The placental surface express receptors for different molecules and hormones, which suggest that the placenta acts as nutritional sensor. Thus, the placenta regulates nutrient supply according to signals generated in both maternal and fetal sides. In this way, when negative stimulus are generated the placenta may activate compensatory mechanisms to modify its nutrient transfer capacity. The observed changes in gene expression of FATP1, FAPT4 and EL may represent a protective mechanism to limit the excess of nutrient supplied to the fetus.
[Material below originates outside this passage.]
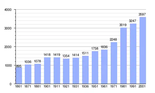 | Gráfica de evolución demográfica de Merone entre 1861 y 2001 |

Interestingly, changes in FATPs expression were similar among studied groups while it was not the situation of FABP gene expression. The gene expression of FABP4 was lower in placentas from overweight and obese women compared to those from healthy weight women, while it was unchanged in placentas from gestational diabetic women. The differences observed in placental FABP4 mRNA expression between obese mothers and GDM suggest a differential regulatory pathway for placental FA handling and metabolism in both maternal conditions.
Some authors have reported an increase in levels of triglycerides and cholesterol in maternal plasma at third trimester of pregnancy. Such differences were no found in our population, but trend was higher in both groups. The percentage of glycosylate hemoglobin was higher in blood of overweight, obese and diabetic mother that in blood from normal weight women during pregnancy. Furthermore, a positive correlation was found between the percentage of glycosylated hemoglobin in maternal blood and ultrasound markers of fetal adiposity. Fetus from obese women showed higher markers of adiposity at 24 and 34 weeks of gestation, while fetus from diabetic women showed only at 34 weeks. Our data suggest that intrauterine insult to exacerbated glucose levels begins before second trimester of gestation in obese pregnancies.
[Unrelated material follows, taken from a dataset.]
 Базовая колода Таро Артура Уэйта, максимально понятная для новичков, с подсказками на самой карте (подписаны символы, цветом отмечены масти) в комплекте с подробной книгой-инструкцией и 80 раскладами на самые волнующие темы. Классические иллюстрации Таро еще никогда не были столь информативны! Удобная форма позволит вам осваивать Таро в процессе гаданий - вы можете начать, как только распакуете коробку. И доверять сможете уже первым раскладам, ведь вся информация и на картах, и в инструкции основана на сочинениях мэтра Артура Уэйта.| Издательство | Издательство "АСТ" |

Our work is the first to study placental expression of genes involved in lipid transport and metabolism in overweight pregnancies. Interestingly, gene expression in overweight group was like the placental expression from obese mothers, while fatty acid content was more similar to placentas from healthy women. Thus, overweight seems to be an intermediate group between normal weight and obese pregnant women in terms of metabolic disruption. The clinical characteristics of fetal and offspring represent an intermediate situation between normal weight and obesity as well. Fetal adiposity was higher at mid gestation, but it seems that compensatory mechanism activated during last part of gestation were enough to achieve a good fetal adipose tissue development at the end of pregnancy.
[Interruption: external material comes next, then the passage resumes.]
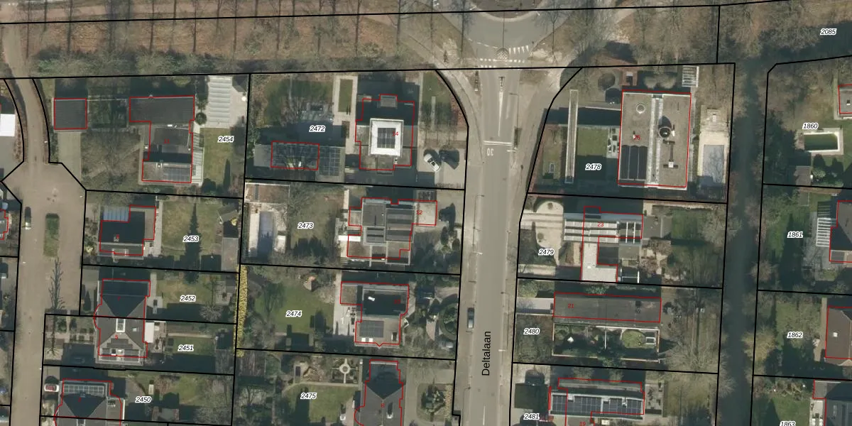 Het perceel waarop Deltalaan 12 staat heeft een oppervlakte van 1040 m². Dit is een zeer groot perceel. De perceeloppervlakte wordt geregistreerd door het Kadaster. Gedetailleerde informatie over de maten van dit perceel kunt u vinden in het rapport Kadastrale kaart met maatvoering van Deltalaan 12.

During pregnancy, the placenta must integrate nutritional and endocrine signals produced at both maternal and fetal side. Those signals may be sometimes contradictories. For instance, while circulating maternal levels may indicate a good nutritional status, which lead to increased supply of nutrients, regulatory factors produced by fetal tissues may lead to the opposite placental response. Although placental modifications found in our study seem to be a response to protect and maintain the fetal health, the effect of these changes on fetal early programming and consequences in adult life are not yet clear.